**Dataset content**.
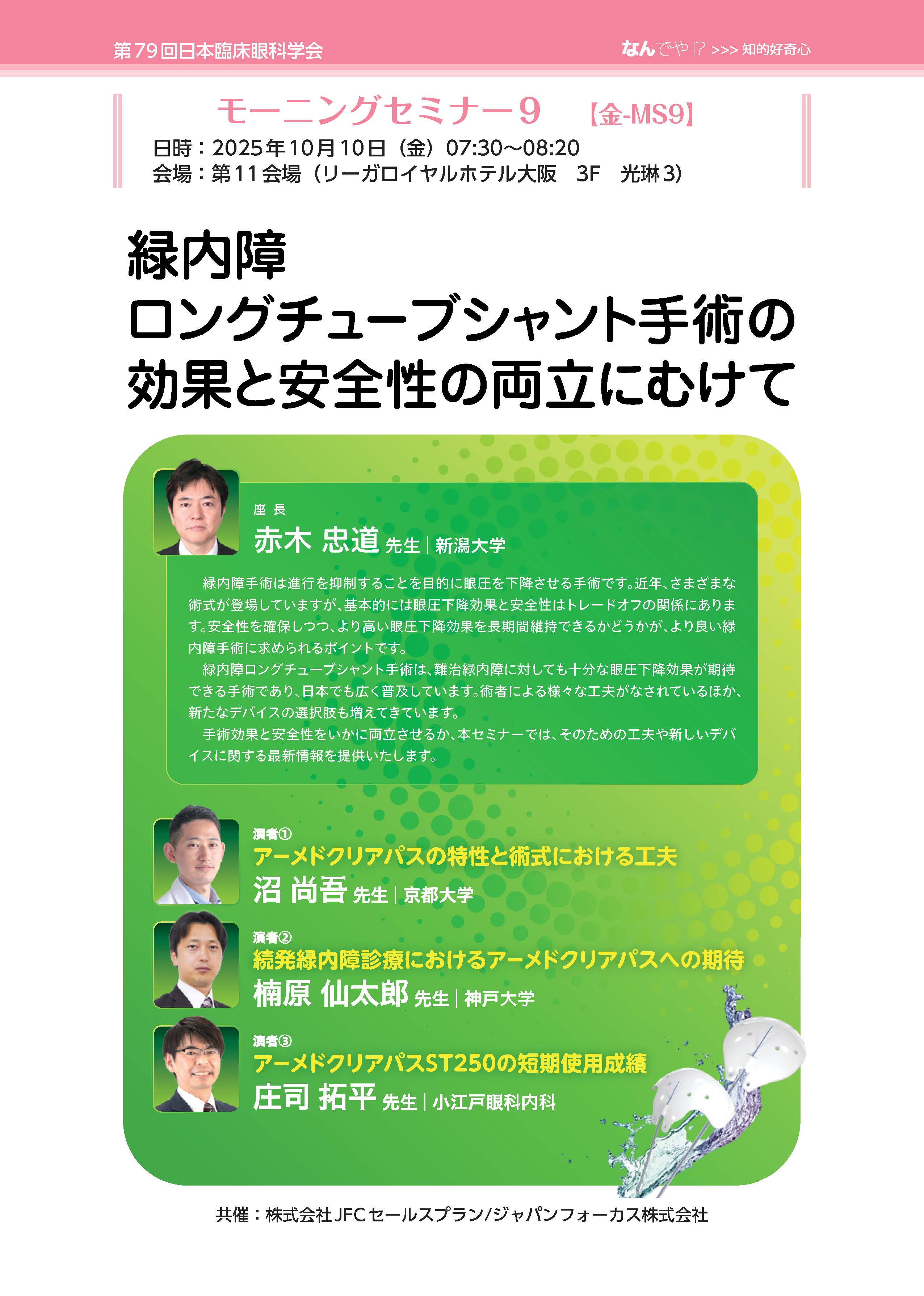 モーニングセミナー 9 緑内障ロングチューブシャント手術の効果と安全性の両立にむけて 2025年10月10日(金) 7:30 - 8:20 第11会場 | リーガロイヤルホテル大阪 3F 光琳3 共催:株式会社JFCセールスプラン/ジャパンフォーカス株式会社 |
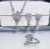 Bridal Jewelry Necklace Three-Piece Set, Super Flash Flower Water Drop Zircon Jewelry, Women'S Necklace Set
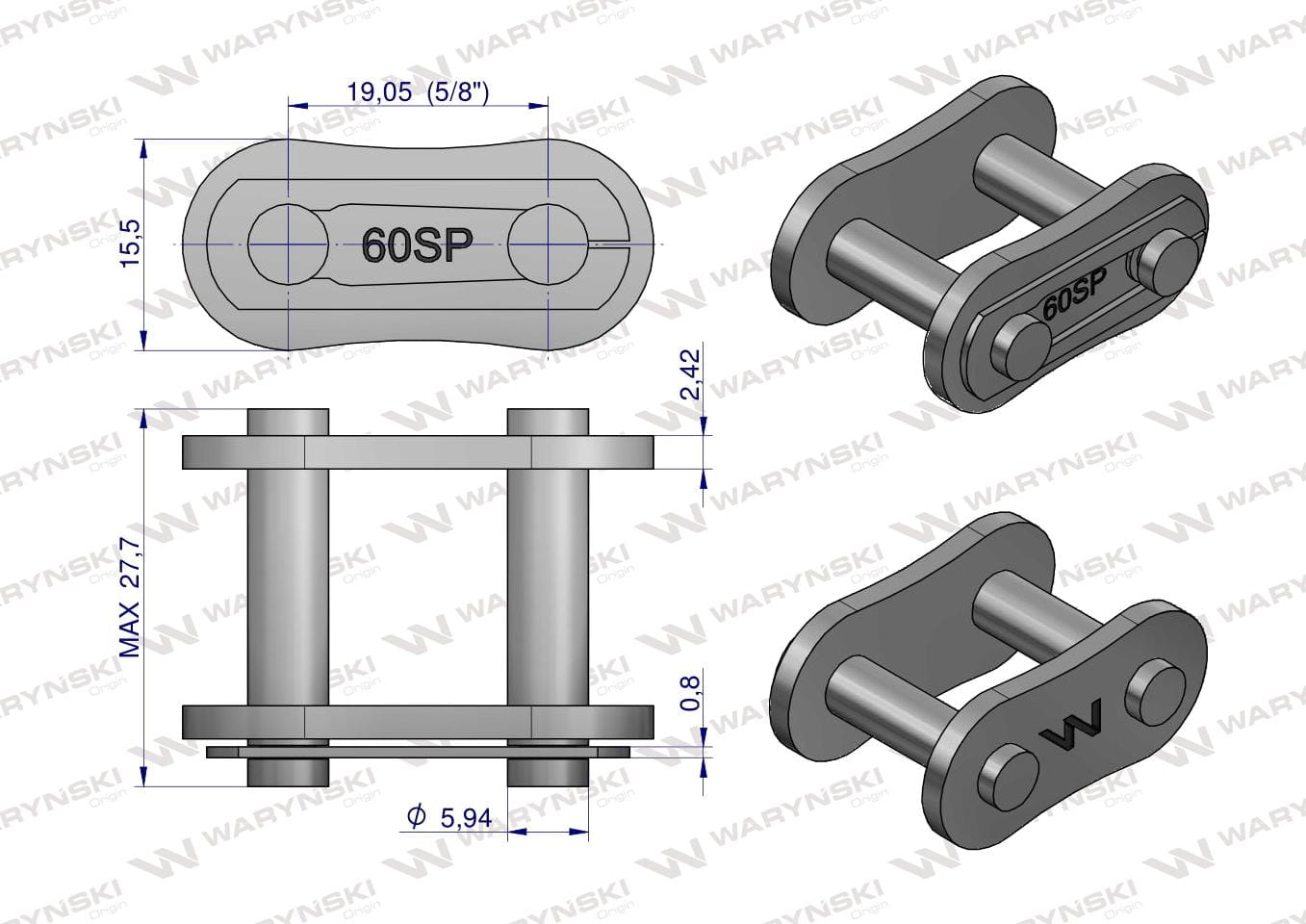 Zamek łańcucha Z60SP (R1 3/4) Waryński ( sprzedawane po 5 )
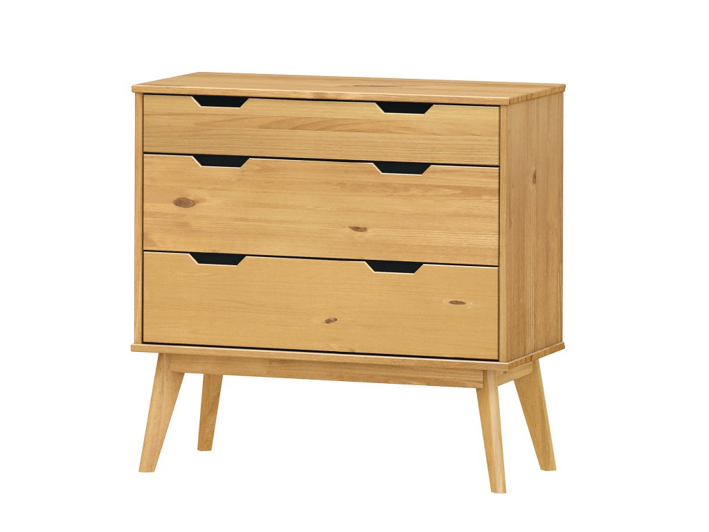 Komoda 2+1 zásuvky BONITO vosk je ideální pro organizaci a ukládání drobností v obývacím pokoji, ložnici nebo předsíni. Vyrobena z masivní borovice s voskovaným povrchem v medovém odstínu, nabízí pevnost a přírodní vzhled.

**What you need to do**. Beginning with the first line of the material above, please output each line exactly through the line that contains "Zamek łańcucha Z60SP", and only those, leaving out pictures.

**Task answer**.
 モーニングセミナー 9 緑内障ロングチューブシャント手術の効果と安全性の両立にむけて 2025年10月10日(金) 7:30 - 8:20 第11会場 | リーガロイヤルホテル大阪 3F 光琳3 共催:株式会社JFCセールスプラン/ジャパンフォーカス株式会社 |
 Bridal Jewelry Necklace Three-Piece Set, Super Flash Flower Water Drop Zircon Jewelry, Women'S Necklace Set
 Zamek łańcucha Z60SP (R1 3/4) Waryński ( sprzedawane po 5 )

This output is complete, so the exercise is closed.